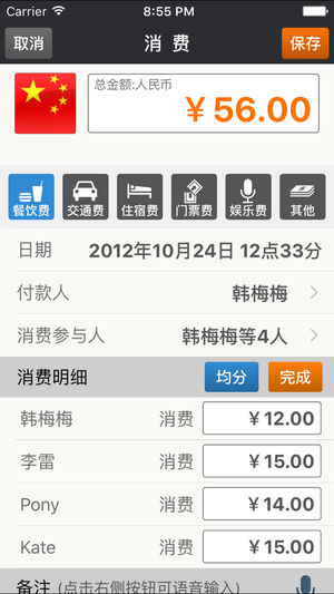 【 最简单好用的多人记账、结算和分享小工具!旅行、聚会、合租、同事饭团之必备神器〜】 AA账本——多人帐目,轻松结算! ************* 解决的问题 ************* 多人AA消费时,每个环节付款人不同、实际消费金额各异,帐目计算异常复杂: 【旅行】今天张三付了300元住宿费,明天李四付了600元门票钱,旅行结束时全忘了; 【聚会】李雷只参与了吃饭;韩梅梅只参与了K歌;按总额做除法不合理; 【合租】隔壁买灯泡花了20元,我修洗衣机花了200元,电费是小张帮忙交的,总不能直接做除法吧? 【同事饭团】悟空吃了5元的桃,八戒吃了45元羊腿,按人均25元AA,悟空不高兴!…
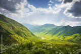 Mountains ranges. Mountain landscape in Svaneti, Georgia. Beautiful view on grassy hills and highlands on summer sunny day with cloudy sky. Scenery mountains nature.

***

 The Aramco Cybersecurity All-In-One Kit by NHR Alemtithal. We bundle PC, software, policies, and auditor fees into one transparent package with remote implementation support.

***

> WORK INSTRUCTIONS: Within the entries above, the lines from the one containing "AA账本——多人帐目,轻松结算! ************* 解决的问题" through the one containing "Mountains ranges. Mountain" are to be transcribed exactly, ends included, pictures excluded.

> YOUR RESPONSE:
 【 最简单好用的多人记账、结算和分享小工具!旅行、聚会、合租、同事饭团之必备神器〜】 AA账本——多人帐目,轻松结算! ************* 解决的问题 ************* 多人AA消费时,每个环节付款人不同、实际消费金额各异,帐目计算异常复杂: 【旅行】今天张三付了300元住宿费,明天李四付了600元门票钱,旅行结束时全忘了; 【聚会】李雷只参与了吃饭;韩梅梅只参与了K歌;按总额做除法不合理; 【合租】隔壁买灯泡花了20元,我修洗衣机花了200元,电费是小张帮忙交的,总不能直接做除法吧? 【同事饭团】悟空吃了5元的桃,八戒吃了45元羊腿,按人均25元AA,悟空不高兴!…
 Mountains ranges. Mountain landscape in Svaneti, Georgia. Beautiful view on grassy hills and highlands on summer sunny day with cloudy sky. Scenery mountains nature.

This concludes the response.